• _Task requirements_:
Nothing but the lines from the start of the entries through the line holding "Gambar 6. Pengisian post-test" is to be repeated, exactly and with pictures excluded.

• _Information shown_:
__________________________________________________

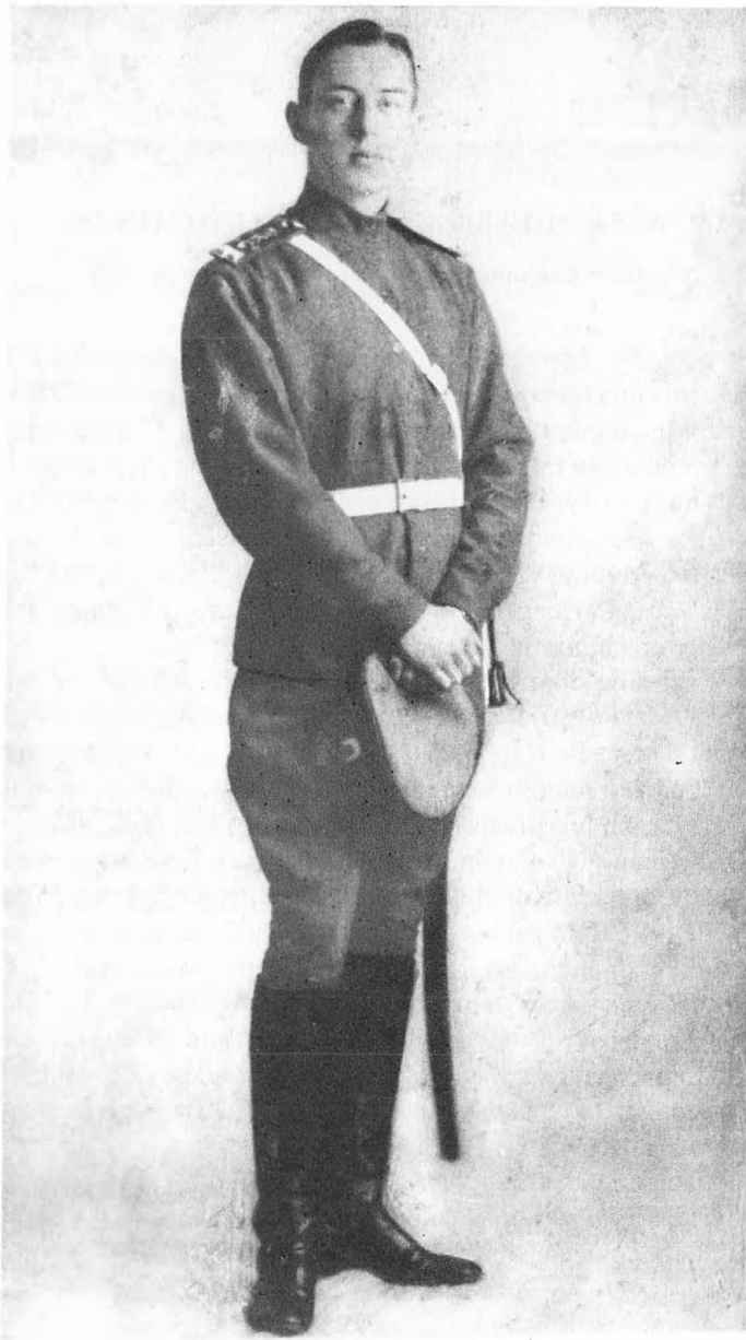
А.А.Стедьин. Приблизительно 1917–1921 гг
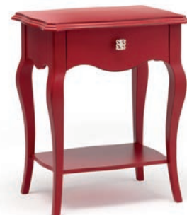
1752T Comodino / Night Table L. 56 P. 40 H. 67
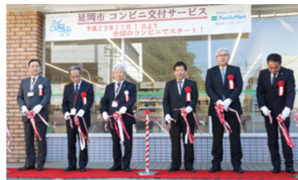
コンビニ交付サービスがスタート！ 市民の皆さんの利便性が向上

6月14日に「大崩山を含む祖母傾山系と周辺の 地域」が、ユネスコエコパークに登録されました。 豊かな自然や地域の伝統文化をはじめとした人と 自然との共生が世界に高く評価されました。
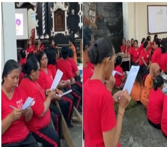
Gambar 6. Pengisian post-test

diperoleh, secara umum kegiatan ini telah berhasil meningkatkan pengetahuan serta menimbulkan antusiasme yang tinggi dalam mengikuti kegiatan PkM ini dilihat dari jumlah responden yang bertanya dan menjawab kuis.
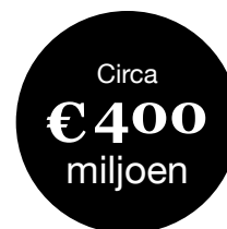
Pensioenuitkeringen over 2021

__________________________________________________

• _Answer for this exercise_:
А.А.Стедьин. Приблизительно 1917–1921 гг
1752T Comodino / Night Table L. 56 P. 40 H. 67
コンビニ交付サービスがスタート！ 市民の皆さんの利便性が向上

6月14日に「大崩山を含む祖母傾山系と周辺の 地域」が、ユネスコエコパークに登録されました。 豊かな自然や地域の伝統文化をはじめとした人と 自然との共生が世界に高く評価されました。
Gambar 6. Pengisian post-test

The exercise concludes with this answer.